Paxata Community Members: Something special in a community experience is coming your way. Stay tuned to this space.
My categorical variables are messy and inconsistent. How do I normalize them?
Often, you'll find that the values for your categorical variables are messy and inconsistent--for example NY versus New York. But there's
an easy way to clean this up using our Cluster and Edit algorithms. We'll provide
a quick example here of how you can do this in the app. And then for a complete
understanding of our clustering algorithms, please refer to our documentation
for the Cluster and Edit feature.
You receive a training dataset with a variable for state. Unfortunately, the values for the variable are inconsistent. There's "NewYorke", "Neu York", "CAlifornia", "California", etc.

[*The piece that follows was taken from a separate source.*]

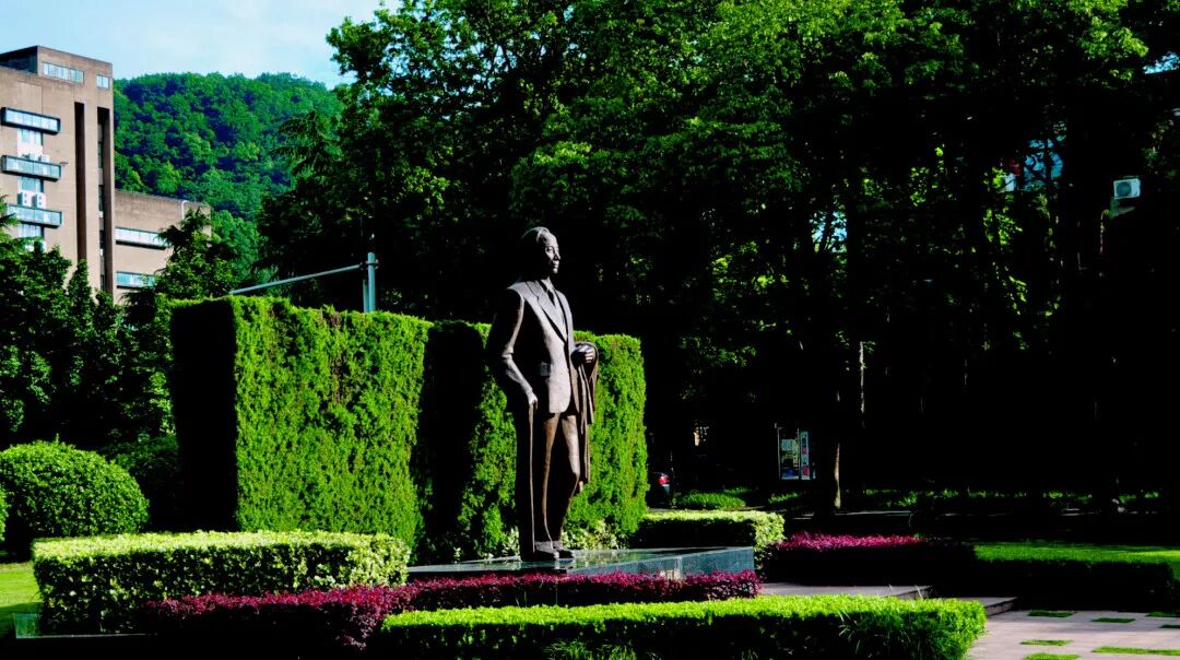 教室窗外,矗立着浙大玉泉校区内最大的雕像——毛主席雕像。风吹皱了伟人的大衣,坚定的右手指向远方。远处天台上,始终有来回踱步不时抬头背诵的浙大学子。眼前的画面,仿佛能带来无尽的精神力量和学习动力。

Normalizing this column is super simple with the Cluster and Edit feature. From the variable's column, click the drop-down arrow and select "cluster + edit":
The Cluster+Edit menu opens. Notice that, by default, "metaphone" is the algorithm used for clustering, which is powerful for data with misspellings in which words sound similar but are spelled differently. However, for this example, let's switch to the "fingerprint" algorithm. It's the most restrictive of the algorithms and a good place to start because it groups
similar values into a cluster where the only differences are: punctuation, word
order and capitalization.
ProTip: if you're still exploring your data, start with the "fingerprint" algorithm. Make your edits. Then switch to the "metaphone" algorithm and cluster once more to see what other potential clusters exist in the data.
Now just enter the desired normalized values and click the green Save button.
You're done! And if you want to sanity check your work to see what else may be lurking in a variable's column, just open a Filtergram for that column.